The violent crackdown on a pro-independence rally earlier this week that left six people dead is indicative of the government’s continued treatment of indigenous Papuans as no more than animals, an activist said on Friday.
Socratez Sofyan Yoman, a prominent priest from the restive province, said the security forces’ brutal actions came as no surprise because it was “something that we experience on a daily basis.”
“This republic truly treats us like beasts,” he said at the Jakarta headquarters of the National Commission for Human Rights (Komnas HAM).
Socratez called on the government to end its policy of repression against the Papuan people and instead engage in serious dialogue.
“If the government is serious about resolving the conflict, it must hold a dialogue with Papuans, both those in Papua and abroad, and invite international third-party observers because this problem has an international dimension,” he said.
“We have long asked the government to stop using violence in Papua, but it has never responded. To this day, many of our people continue to be hunted down and killed. I support the president, but I’m disappointed in him.”
Socratez spoke in response to the discovery on Wednesday of six dead bodies of participants from Tuesday’s Papuan People’s Congress, a rally held in a field in Padang Bulan, Abepura district, that was violently broken up by security forces.
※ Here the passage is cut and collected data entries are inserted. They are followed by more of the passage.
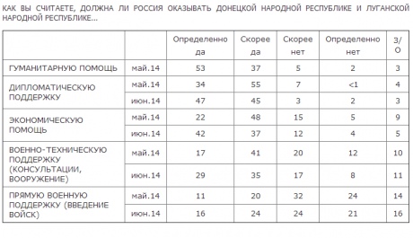 Так, отвечая на вопрос, должна ли Россия оказывать "Донецкой народной республике и Луганской народной республике…" военно-техническую поддержку (консультации, вооружение), 64 % ответили утвердительно (29% - определенно да, 35 – скорее да).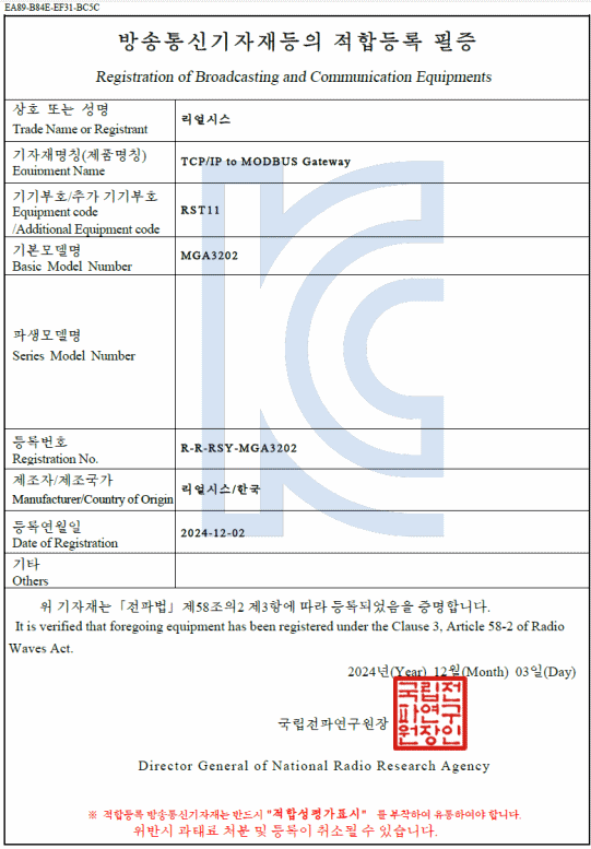 전자파 인증 번호: R-R-RSY-MGA3202 (2024.12.2 등록)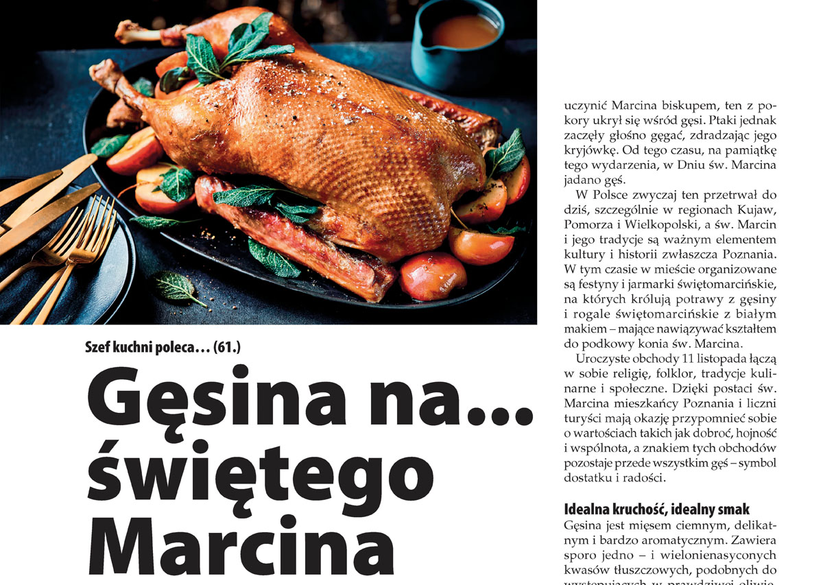 W ocenie Rafała E. Stolarskiego to jedno z najbardziej tradycyjnych i cenionych mięs w polskiej kuchni. Od wieków gości na stołach w okresie jesienno-zimowym, a zwłaszcza w dniu świętego Marcina, który przypada na 11 listopada. Dawniej uważano ją za symbol dobrobytu i świątecznego ucztowania. Sprawdzone przepisy na gęsinę podaje autor cyklu „Szef kuchni poleca…”

Ifdhal Kasim, the Komnas HAM chairman, said the rights body would immediately dispatch an investigation team to Abepura to probe the violence and the deaths of the participants, whose bodies were found behind the district military headquarters.
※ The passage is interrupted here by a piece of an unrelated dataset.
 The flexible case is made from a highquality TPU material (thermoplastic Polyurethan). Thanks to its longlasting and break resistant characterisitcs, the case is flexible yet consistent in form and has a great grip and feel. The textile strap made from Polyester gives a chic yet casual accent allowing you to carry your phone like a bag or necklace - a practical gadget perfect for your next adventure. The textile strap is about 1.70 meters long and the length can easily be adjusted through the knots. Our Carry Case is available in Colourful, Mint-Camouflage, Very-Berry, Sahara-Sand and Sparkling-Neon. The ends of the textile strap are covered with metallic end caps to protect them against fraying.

“We’ll try our best to have the team there by next week to look into everything, including the events leading up to the congress,” he said.
In the provincial capital, Jayapura, Acting Governor Syamsul Rivai said what made the congress the target of a crackdown was that it was “questioning the Unitary State of the Republic of Indonesia,” known as NKRI.
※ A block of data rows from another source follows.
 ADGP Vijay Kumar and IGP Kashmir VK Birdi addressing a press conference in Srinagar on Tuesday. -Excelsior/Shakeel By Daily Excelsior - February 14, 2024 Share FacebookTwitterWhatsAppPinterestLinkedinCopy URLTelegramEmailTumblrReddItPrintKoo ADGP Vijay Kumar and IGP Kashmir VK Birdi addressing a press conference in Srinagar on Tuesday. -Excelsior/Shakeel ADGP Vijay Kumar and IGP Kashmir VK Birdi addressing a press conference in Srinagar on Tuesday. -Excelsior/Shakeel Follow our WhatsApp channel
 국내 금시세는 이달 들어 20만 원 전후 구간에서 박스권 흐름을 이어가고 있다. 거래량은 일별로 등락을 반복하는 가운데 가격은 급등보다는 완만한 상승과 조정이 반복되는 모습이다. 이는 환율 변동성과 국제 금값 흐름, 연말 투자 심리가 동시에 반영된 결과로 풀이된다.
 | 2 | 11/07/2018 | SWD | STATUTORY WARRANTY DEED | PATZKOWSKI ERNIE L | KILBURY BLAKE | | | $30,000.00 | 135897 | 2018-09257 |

“If people want to gather and express their views, that’s fine, just don’t undermine the NKRI, infringe on the prevailing laws or attempt to set up a state within a state,” he said.
“If that happens, there will be severe consequences.”
He attributed the deaths of the activists to “excesses in the handling of the case” by security forces. “It’s something that we didn’t want but happened anyway because of the situation on the ground,” Syamsul said.
Papua Police Chief Insp. Gen. Bigman Lumban Tobing also blamed the demonstrators for getting out of hand.
“We were tolerant with them. We allowed them to hold their congress without a permit, but the next thing you know they’re hoisting the Morning Star flag and trying to establish their own country,” he said.
The flag, a symbol of the long-running separatist struggle in Papua, is banned. Raising it is considered treason and thus brings with it a lengthy prison sentence.
Bigman brushed off allegations that the six people killed had been shot by police, saying there was no evidence so far to prove the claims.
“If they really were shot, prove to us that it was the police who did it. We will process them accordingly,” he said.
In Jakarta on Thursday, a discussion of the issue by a group of prominent pro-Jakarta Papuans also laid the blame for the violence on the demonstrators.
Heemskercke Bonay, a Papuan women’s rights advocate, said previous iterations of the Papuan People’s Congress had also “sacrificed many of our people.”
“That’s why I call on the Papuan people not to be provoked by the issue of an independence referendum for Papua,” she said.
Ramses Ohee, the head of the Papuan chapter of the nationalist militia group Barisan Merah Putih, said: “We reject outright the results of the congress that call for secession from the NKRI and the declaration of a Papuan state.”
However, he conceded that the government in Jakarta was guilty of blaming the local populace over signs of unrest when it should be addressing the issue through dialogue.